Diferenças entre homens e mulheres
O estudo também observou diferenças interessantes relacionadas ao sexo. As mulheres — que representam a maioria dos casos de Alzheimer — apresentaram uma resposta mais evidente à intervenção alimentar, especialmente em estágios leves a moderados da doença.
Os pesquisadores levantam a hipótese de que fatores hormonais, incluindo estrogênio e testosterona, possam influenciar a sensibilidade cerebral à insulina e, consequentemente, a resposta aos corpos cetônicos.
Mais do que energia: proteção neuronal
Além de fornecer combustível alternativo, os corpos cetônicos também ajudam a regular a liberação de glutamato, um neurotransmissor essencial, mas potencialmente tóxico quando liberado em excesso.
Esse equilíbrio pode contribuir para a proteção das sinapses e para a preservação da comunicação entre os neurônios.
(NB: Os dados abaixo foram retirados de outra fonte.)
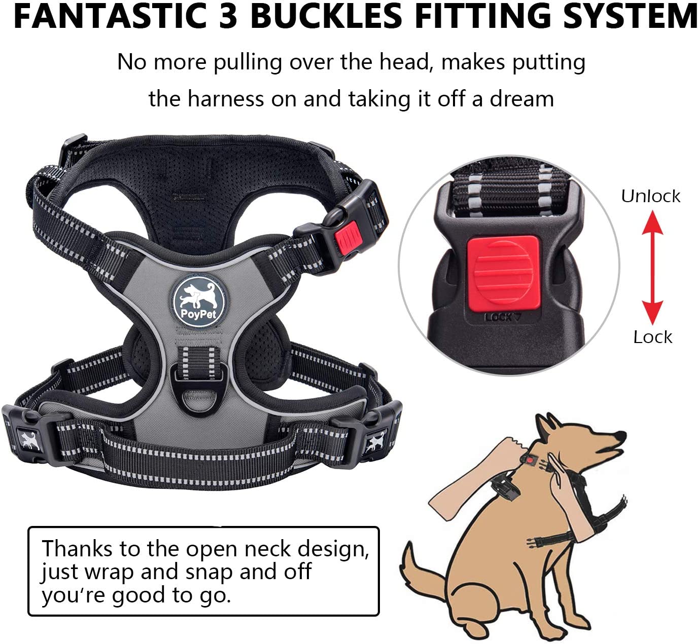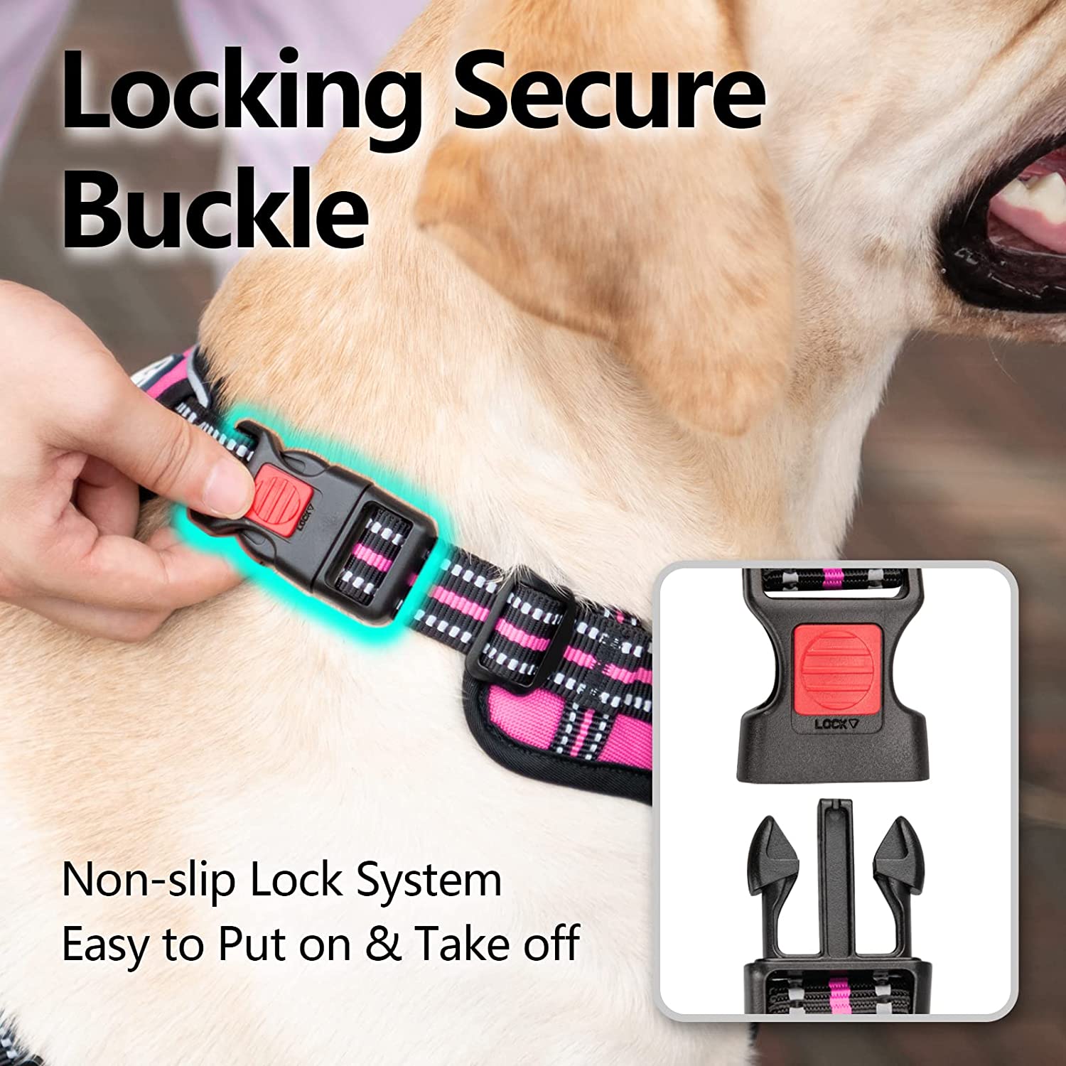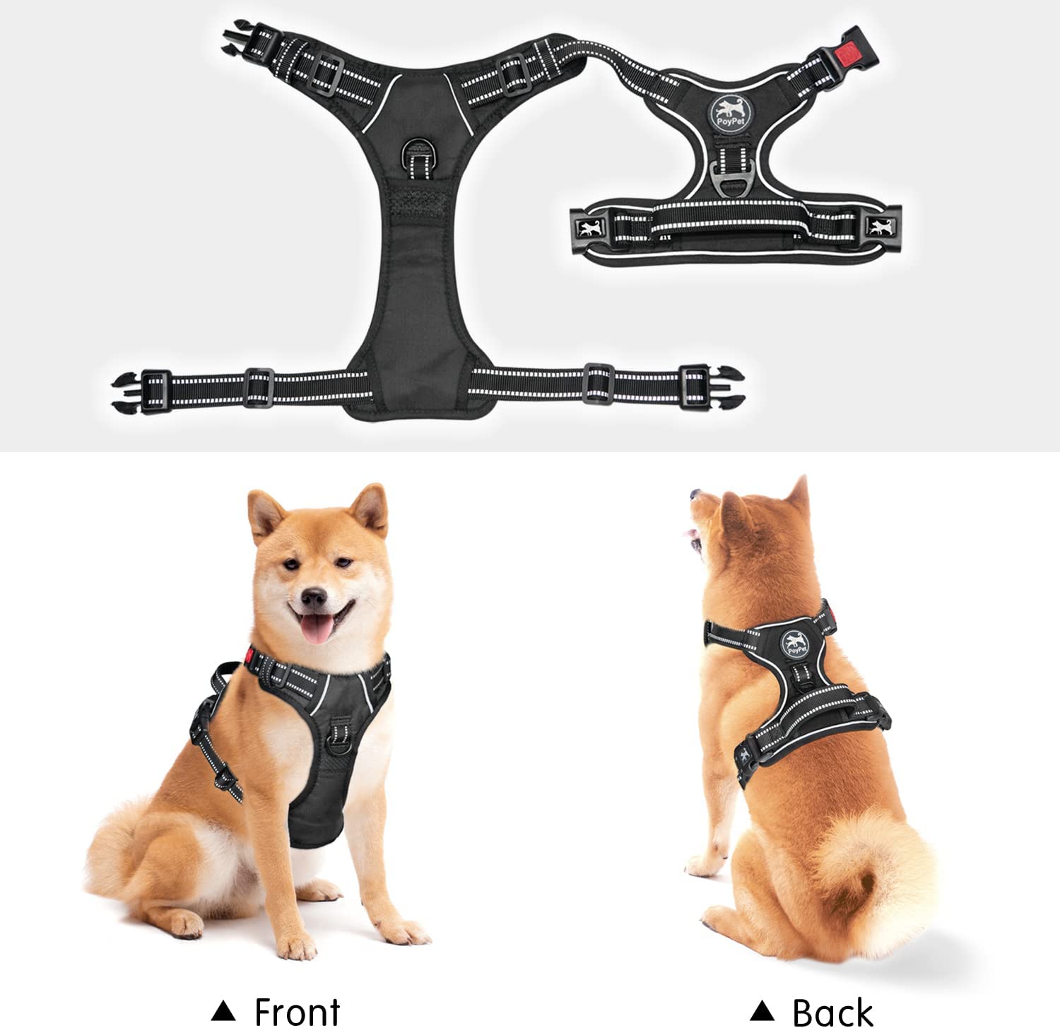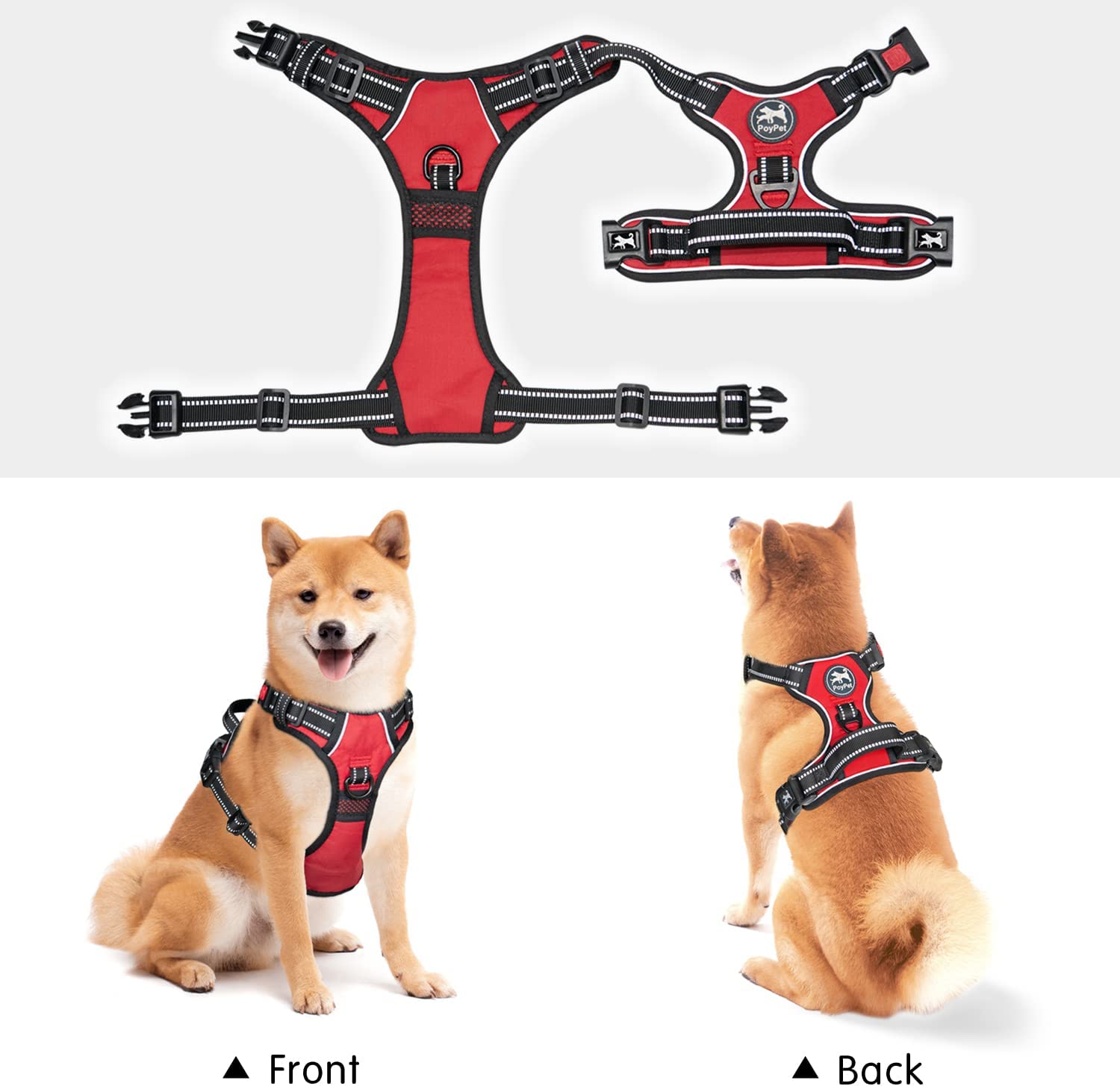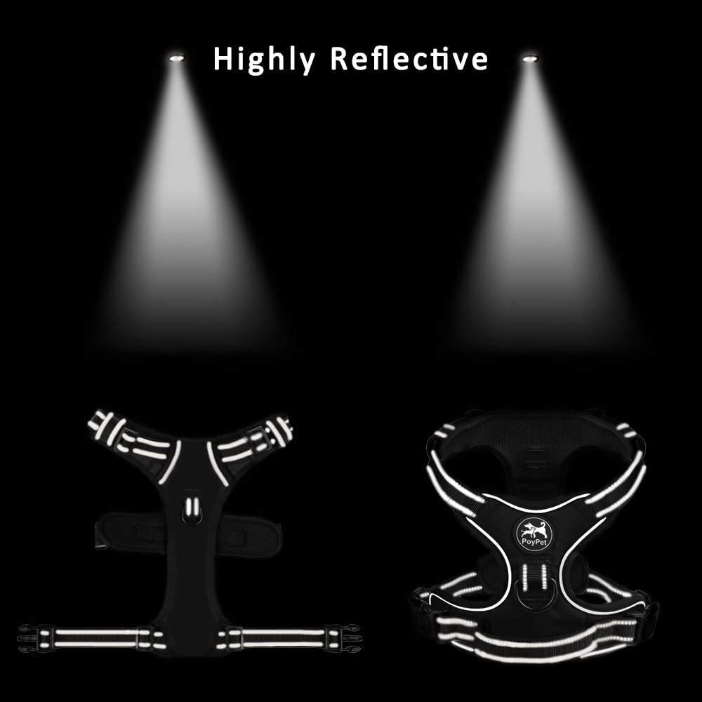 PoyPet No Pull Dog Harness, No Choke Front Clip Dog Reflective Harness, Adjustable Soft Padded Pet Vest with Easy Control Handle for Small to Large Dogs(Pink,M)

Uma abordagem simples, mas não milagrosa
Os próprios autores do estudo são cautelosos: o óleo de coco não é apresentado como cura, mas como uma estratégia complementar dentro de um contexto alimentar mais amplo.
Ainda assim, os resultados reforçam uma ideia poderosa: o cérebro pode responder positivamente a intervenções nutricionais mesmo em doenças neurodegenerativas avançadas.
Conclusão
Em um cenário onde a medicina convencional oferece poucas soluções eficazes para o Alzheimer, o óleo de coco surge como um exemplo de como alimentos funcionais podem exercer impactos reais na fisiologia cerebral.
Às vezes, a próxima fronteira da neurociência não está em um laboratório de alta tecnologia, mas em compreender melhor como o corpo responde a fontes simples e ancestrais de energia.